== WHAT IS NEEDED ==
With the line containing "Dan itu bukan" as the start and the line containing "8月12日上午,九公司科創北" as the end, transcribe that span of the entries below exactly, including both.

== THE DATA ==
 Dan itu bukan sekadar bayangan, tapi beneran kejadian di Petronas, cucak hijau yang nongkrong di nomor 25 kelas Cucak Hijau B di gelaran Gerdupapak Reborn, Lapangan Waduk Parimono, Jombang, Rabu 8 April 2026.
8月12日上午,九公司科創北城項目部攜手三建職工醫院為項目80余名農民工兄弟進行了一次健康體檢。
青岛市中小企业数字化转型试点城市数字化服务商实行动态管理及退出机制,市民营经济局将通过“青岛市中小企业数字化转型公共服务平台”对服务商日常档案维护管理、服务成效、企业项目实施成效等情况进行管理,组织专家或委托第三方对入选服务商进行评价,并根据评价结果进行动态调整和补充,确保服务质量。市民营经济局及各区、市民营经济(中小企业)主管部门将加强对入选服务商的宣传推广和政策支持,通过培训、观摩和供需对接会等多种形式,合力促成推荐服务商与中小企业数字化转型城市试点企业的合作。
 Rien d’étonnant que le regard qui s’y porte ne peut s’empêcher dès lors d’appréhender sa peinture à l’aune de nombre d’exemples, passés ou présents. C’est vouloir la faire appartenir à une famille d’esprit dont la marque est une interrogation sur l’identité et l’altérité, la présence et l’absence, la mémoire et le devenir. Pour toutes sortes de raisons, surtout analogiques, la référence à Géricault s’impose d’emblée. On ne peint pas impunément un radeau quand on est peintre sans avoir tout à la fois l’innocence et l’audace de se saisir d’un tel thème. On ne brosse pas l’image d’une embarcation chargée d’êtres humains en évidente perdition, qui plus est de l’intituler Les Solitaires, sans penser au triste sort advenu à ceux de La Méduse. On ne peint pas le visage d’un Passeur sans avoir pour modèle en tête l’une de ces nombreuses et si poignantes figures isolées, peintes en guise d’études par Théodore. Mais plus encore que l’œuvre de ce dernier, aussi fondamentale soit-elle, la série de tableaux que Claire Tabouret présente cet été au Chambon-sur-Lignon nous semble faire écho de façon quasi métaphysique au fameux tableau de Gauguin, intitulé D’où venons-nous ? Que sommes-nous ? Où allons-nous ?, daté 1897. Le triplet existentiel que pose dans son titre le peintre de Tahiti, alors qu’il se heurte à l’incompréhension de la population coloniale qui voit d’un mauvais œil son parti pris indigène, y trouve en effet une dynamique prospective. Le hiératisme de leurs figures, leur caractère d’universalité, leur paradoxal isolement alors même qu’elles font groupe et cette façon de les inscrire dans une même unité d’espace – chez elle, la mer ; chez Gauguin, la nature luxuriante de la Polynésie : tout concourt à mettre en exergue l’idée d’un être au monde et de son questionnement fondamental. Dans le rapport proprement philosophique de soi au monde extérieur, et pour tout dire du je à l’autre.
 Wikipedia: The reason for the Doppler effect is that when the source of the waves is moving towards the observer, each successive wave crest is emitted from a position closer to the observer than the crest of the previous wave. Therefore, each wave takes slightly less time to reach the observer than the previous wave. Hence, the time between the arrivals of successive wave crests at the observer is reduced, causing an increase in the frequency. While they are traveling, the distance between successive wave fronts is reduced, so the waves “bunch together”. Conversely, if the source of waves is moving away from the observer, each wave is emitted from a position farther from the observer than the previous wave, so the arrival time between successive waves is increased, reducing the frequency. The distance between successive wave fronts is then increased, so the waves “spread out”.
--
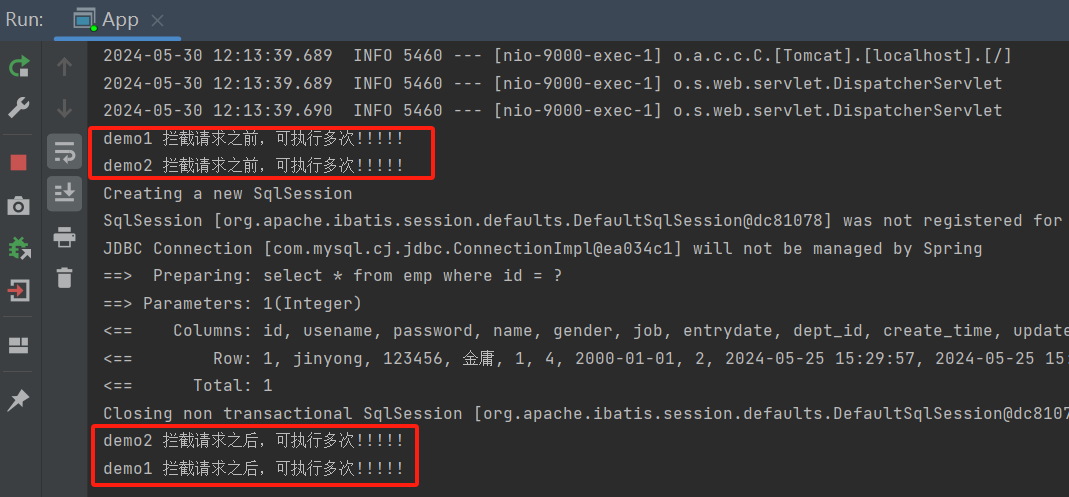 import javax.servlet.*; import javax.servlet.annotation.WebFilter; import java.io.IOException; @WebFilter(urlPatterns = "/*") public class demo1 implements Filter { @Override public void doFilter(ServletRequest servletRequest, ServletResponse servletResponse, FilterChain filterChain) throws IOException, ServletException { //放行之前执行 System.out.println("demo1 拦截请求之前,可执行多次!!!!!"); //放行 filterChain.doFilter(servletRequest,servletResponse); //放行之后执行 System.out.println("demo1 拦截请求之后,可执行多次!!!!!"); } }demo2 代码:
...
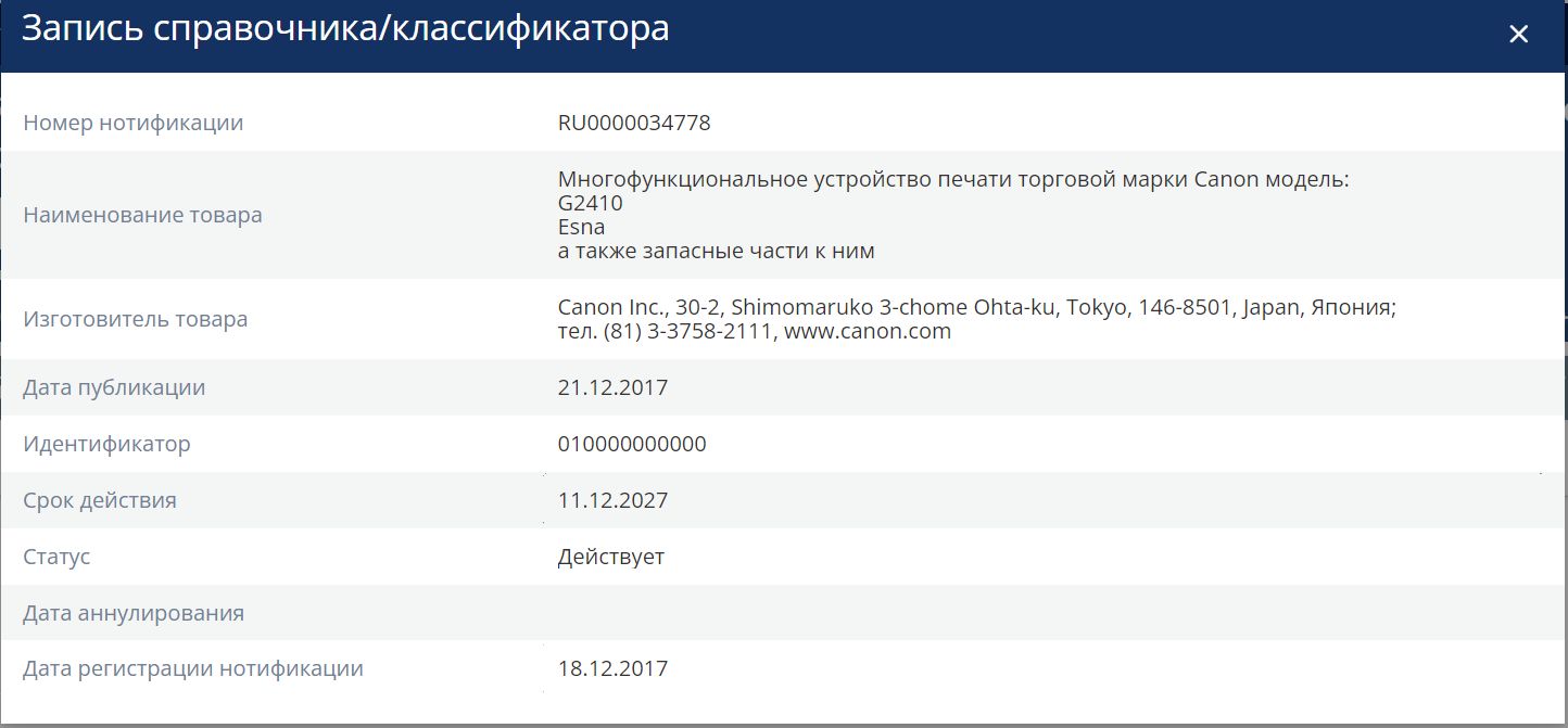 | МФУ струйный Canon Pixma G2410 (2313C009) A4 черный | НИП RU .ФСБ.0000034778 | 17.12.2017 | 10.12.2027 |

== THE COMPLETED TASK ==
 Dan itu bukan sekadar bayangan, tapi beneran kejadian di Petronas, cucak hijau yang nongkrong di nomor 25 kelas Cucak Hijau B di gelaran Gerdupapak Reborn, Lapangan Waduk Parimono, Jombang, Rabu 8 April 2026.
8月12日上午,九公司科創北城項目部攜手三建職工醫院為項目80余名農民工兄弟進行了一次健康體檢。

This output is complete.